U.S. Attorney General Jeff Sessions and the acting director of U.S. Immigration and Customs Enforcement issued statements damning San Francisco's so-called sanctuary city policy within hours of the Nov. 30 verdict. Garcia Zarate was released from San Francisco custody two months before Steinle's death despite a request from ICE to hold him for deportation.
And Trump took to Twitter, calling the verdict "disgraceful" and angrily wondering why Garcia Zarate's immigration history was excluded from the trial.
https://twitter.com/i/web/status/936551346299338752
The verdict indicated that jurors agreed with Garcia Zarate's defense that the shooting was accidental. His defense argued that surveillance video from hundreds of feet away showed him discovering the gun -- discarded and wrapped in cloth -- moments before accidentally firing a single shot that ricocheted about a dozen feet away and then flew 78 feet before striking Steinle in the lower back.
Garcia Zarate's defense attorneys moved for a retrial on the gun possession charge, arguing the jury was incorrectly instructed.
"The moment the gun fired, it was thrown," defense attorney Matt Gonzalez said in court. "I think it is a miscarriage of justice if Mr. Garcia Zarate is convicted of possessing a firearm for a split second."

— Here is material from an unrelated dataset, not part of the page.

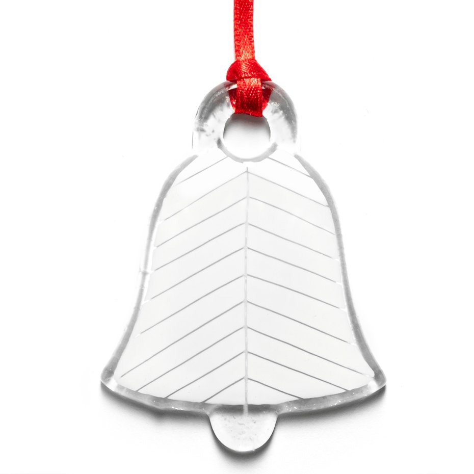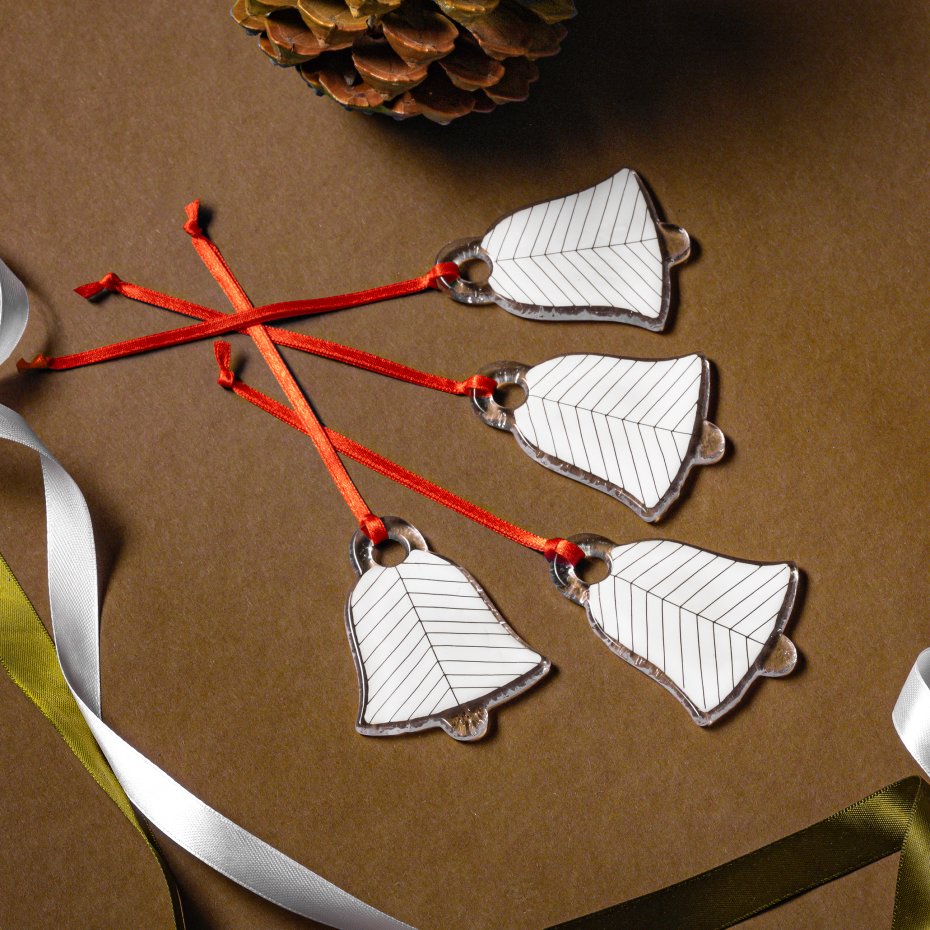Autorska świąteczna zawieszka na choinkę wykonana ze szkła metodą fusingu. Ozdoba wykonana ze szkła bezbarwnego z ręcznie malowanym i wypalanym wzorem na powierzchni. Spód szkła posiada delikatną fakturę ciekawie odbijającą światło.

Judge Feng dismissed the motion Friday, and Gonzalez said he would file an appeal.
Garcia Zarate is scheduled to make his first appearance Monday in federal court on similar gun and ammunition possession charges carrying a maximum 20-year sentence.
San Francisco Public Defender Jeff Adachi, whose office represented Garcia Zarate throughout his state court case, said the federal charges amounted to "a president and an attorney general who are really spitting in the face of justice."

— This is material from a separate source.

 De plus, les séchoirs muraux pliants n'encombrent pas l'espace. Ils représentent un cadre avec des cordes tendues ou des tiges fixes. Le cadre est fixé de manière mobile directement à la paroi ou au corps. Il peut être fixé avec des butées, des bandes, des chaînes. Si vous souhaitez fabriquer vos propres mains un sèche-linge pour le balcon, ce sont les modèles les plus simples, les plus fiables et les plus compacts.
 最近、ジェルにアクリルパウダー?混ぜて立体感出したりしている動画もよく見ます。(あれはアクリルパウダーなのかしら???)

District Attorney George Gascón declined to say whether he supported the federal charges against Garcia Zarate.
"I believe this case was a political football -- I think it was used inappropriately by people on either side," he said after the sentencing. "We’re comfortable that the system worked the way it was meant to, even though we’re disappointed with the outcome."
In the federal system, Garcia Zarate will have a new defense team, led by well-known Bay Area defense attorney Tony Serra.
"Shame on the federal government, shame on the Trump administration," he said. "Shame on them in terms of bringing a retaliatory, vindictive prosecution."
The federal government is itself a defendant in a civil case brought by Kathryn Steinle's family, alleging among other claims that a Bureau of Land Management ranger was negligent when he left his firearm unsecured in his car when he stopped in San Francisco four days before Steinle was killed. The gun was stolen in a string of auto burglaries near the city's Ferry Building, and no evidence linked Garcia Zarate to those thefts.
"If we want to look at responsibility, we have to look at how that gun got there," defense attorney Francisco Ugarte said.